Task to complete
Starting with the line in which "Klima教授、国际关系及欧洲问题系主任Mictchell A. Belfer博士、亚洲问题研究和国际关系专家Tomas" appears, give back every line exactly as written until the listing ends, excluding pictures.
----- Exercise data -----
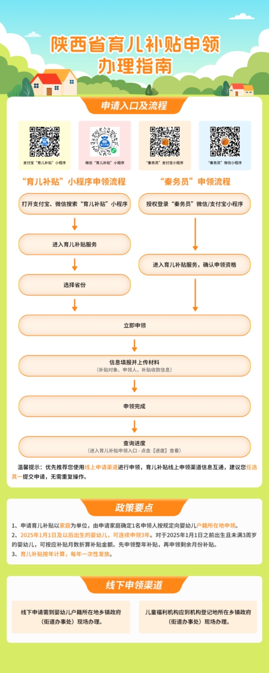 申領實行線上線下相結合方式,以線上申請為主,申領人可通過支付寶、微信平臺“育兒補貼”小程序進入育兒補貼申領專區進行申請。
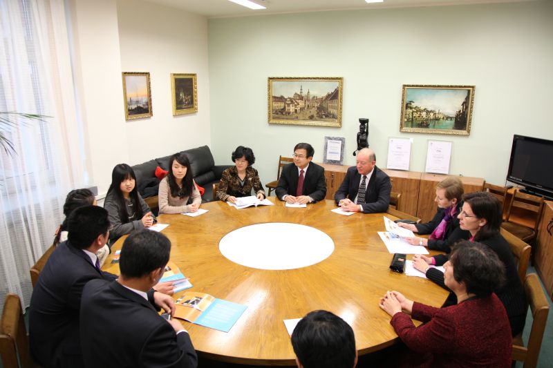 布拉格都市大学是捷克以国际关系研究为重点的私立大学。该校公共管理与人文学院的亚洲问题研究中心,开设汉语教学课程。该校校长Michal Klima教授、国际关系及欧洲问题系主任Mictchell A. Belfer博士、亚洲问题研究和国际关系专家Tomas Petru博士、国际部主任Josef Vochozka及曾在我校任教的国际贸易研究学者Vilem Semeral博士热情地接待了我校代表团一行。校长Michal Klima教授介绍了学校的现状和对中国的研究情况,希望与我校建立友好关系并开展实质性合作,表达了双方共同建立孔子学院的愿望。
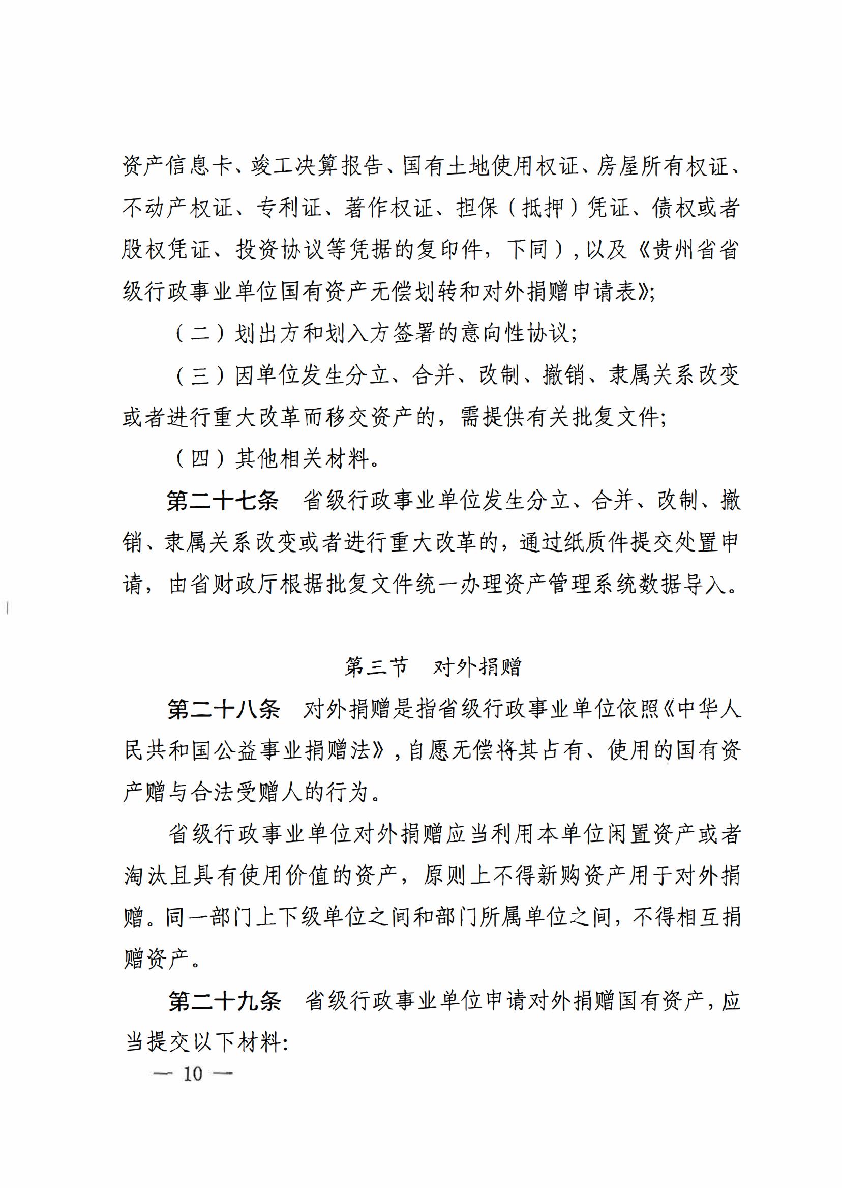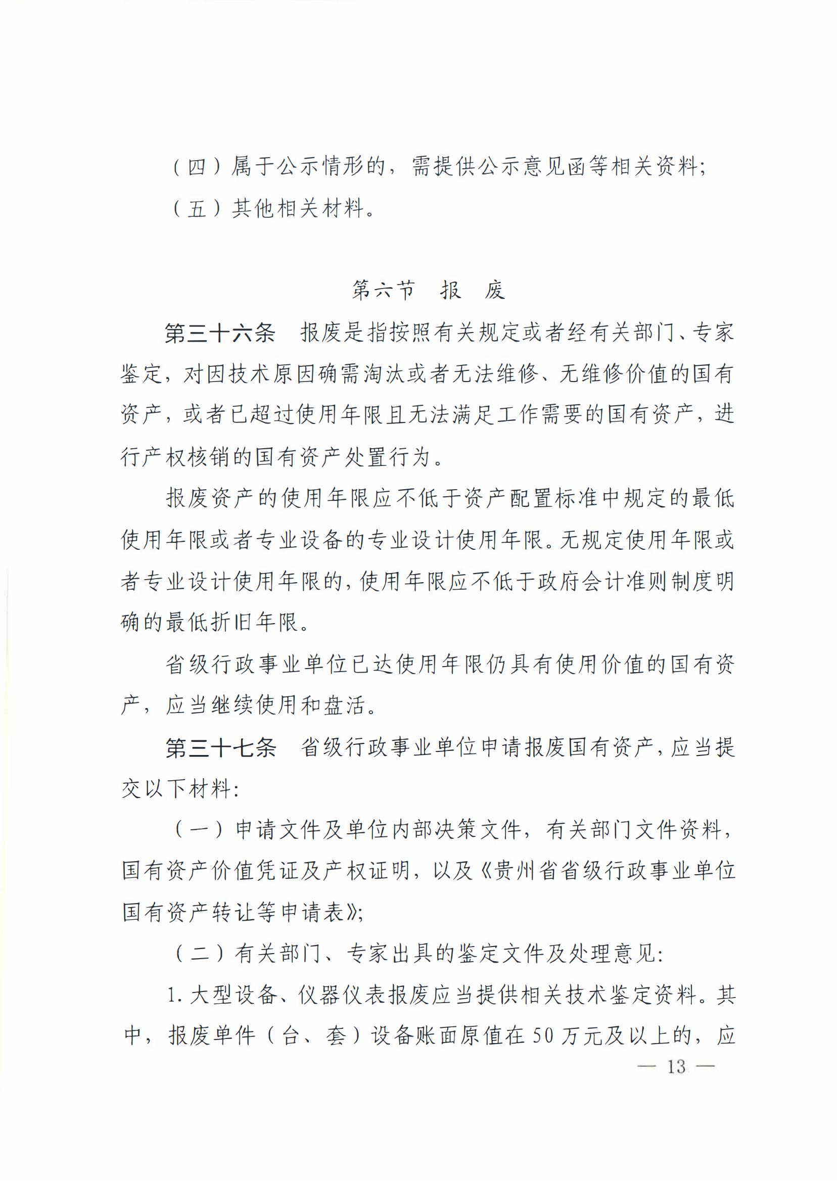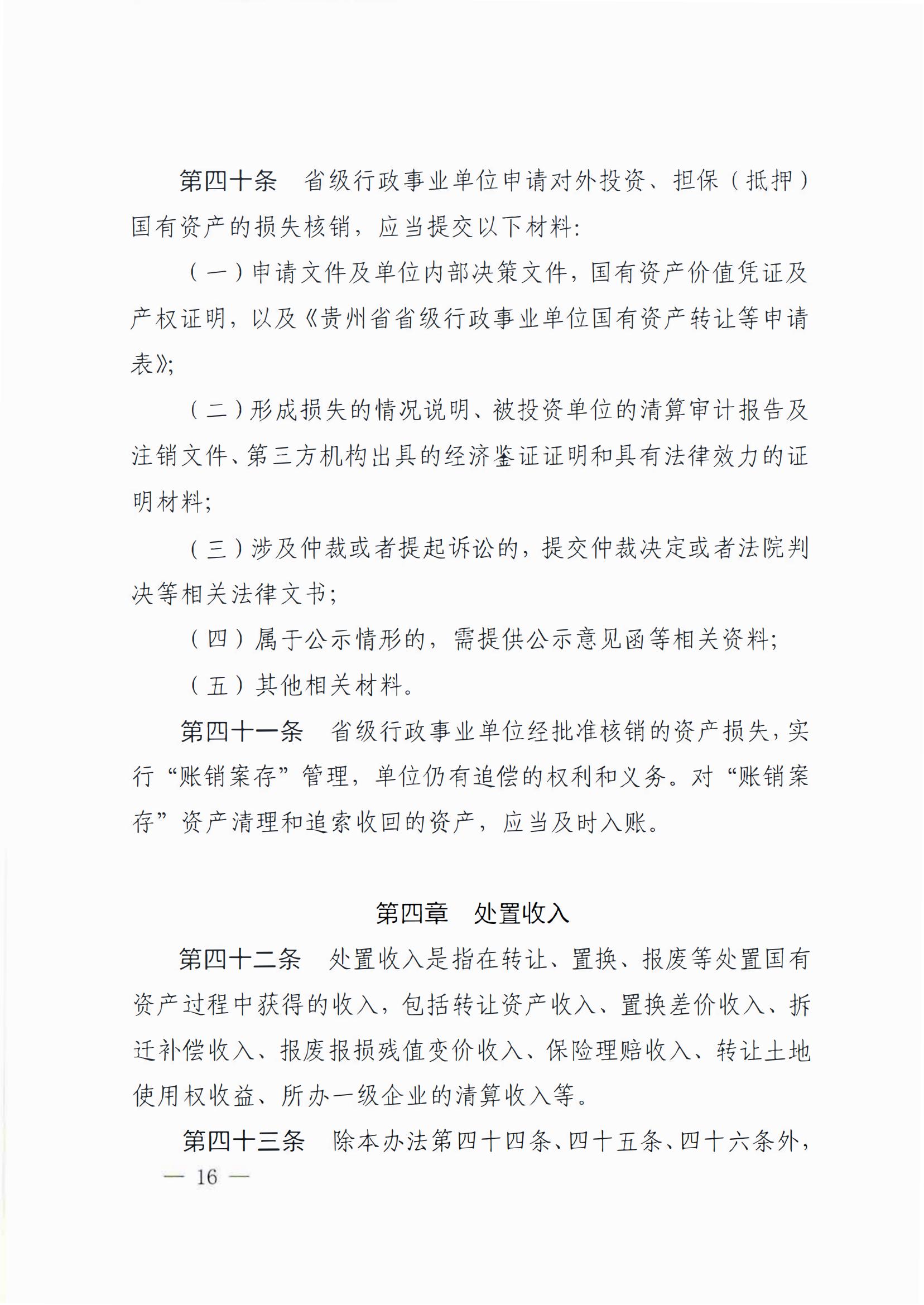 贵州省财政厅关于印发《贵州省省级行政事业单位国有资产处置管理办法》的通知(黔财资〔2023〕5号)
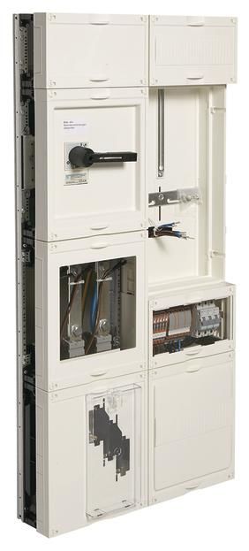 for installation in univers distribution cabinets 1100 mm high, at least 2 fields, at least 205 mm deep, including feed terminals up to max. 50 mm², supply line from below and discharge line upwards for direct connection,
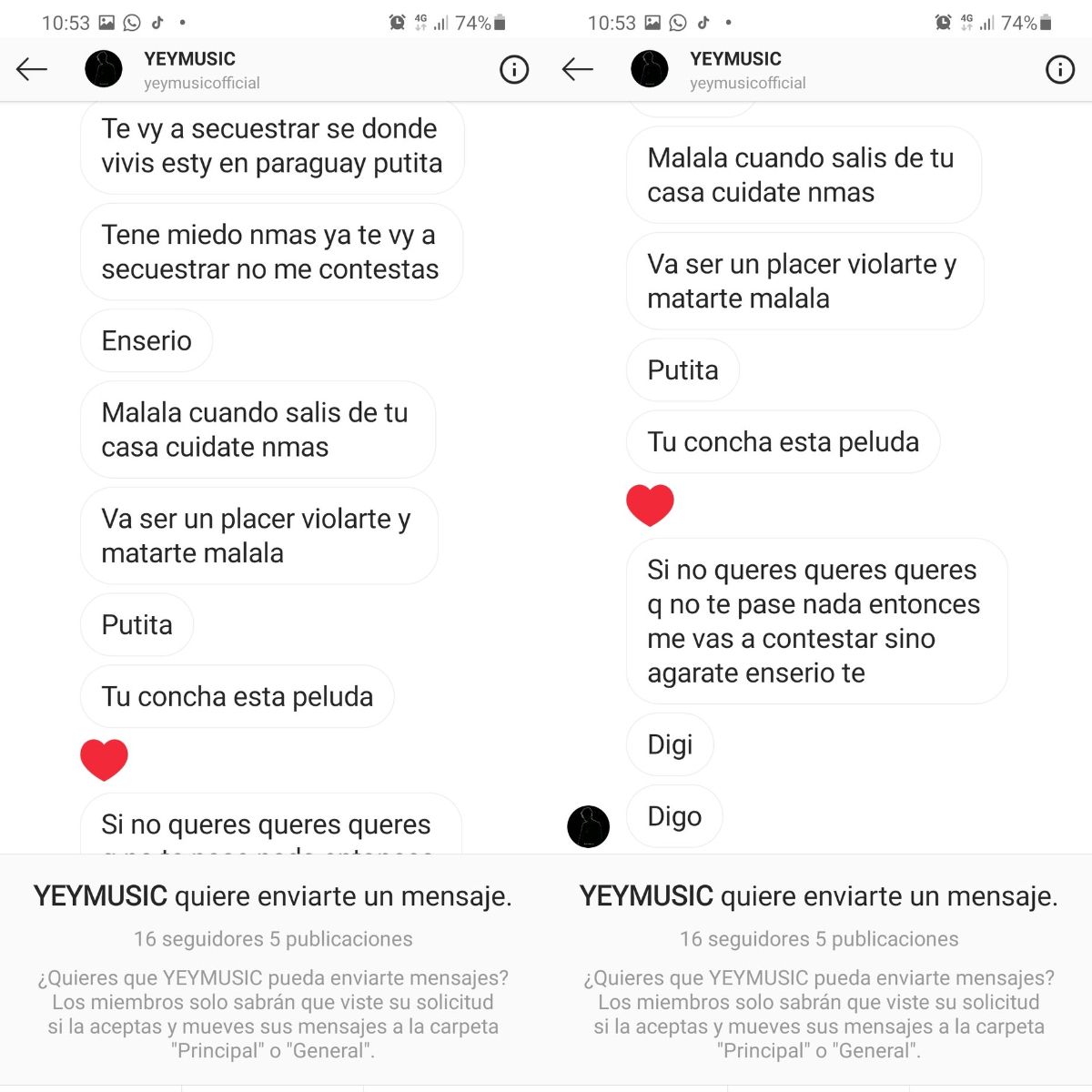 "Te voy a secuestrar, se donde vivís...", "Malala cuando salís de tu casa cuidate..", "Va a ser un placer violarte y matarte..." son algunas de las palabras que escribe el usuario de Instagram en el mensaje.
-----
Written reply
 布拉格都市大学是捷克以国际关系研究为重点的私立大学。该校公共管理与人文学院的亚洲问题研究中心,开设汉语教学课程。该校校长Michal Klima教授、国际关系及欧洲问题系主任Mictchell A. Belfer博士、亚洲问题研究和国际关系专家Tomas Petru博士、国际部主任Josef Vochozka及曾在我校任教的国际贸易研究学者Vilem Semeral博士热情地接待了我校代表团一行。校长Michal Klima教授介绍了学校的现状和对中国的研究情况,希望与我校建立友好关系并开展实质性合作,表达了双方共同建立孔子学院的愿望。
 贵州省财政厅关于印发《贵州省省级行政事业单位国有资产处置管理办法》的通知(黔财资〔2023〕5号)
 for installation in univers distribution cabinets 1100 mm high, at least 2 fields, at least 205 mm deep, including feed terminals up to max. 50 mm², supply line from below and discharge line upwards for direct connection,
 "Te voy a secuestrar, se donde vivís...", "Malala cuando salís de tu casa cuidate..", "Va a ser un placer violarte y matarte..." son algunas de las palabras que escribe el usuario de Instagram en el mensaje.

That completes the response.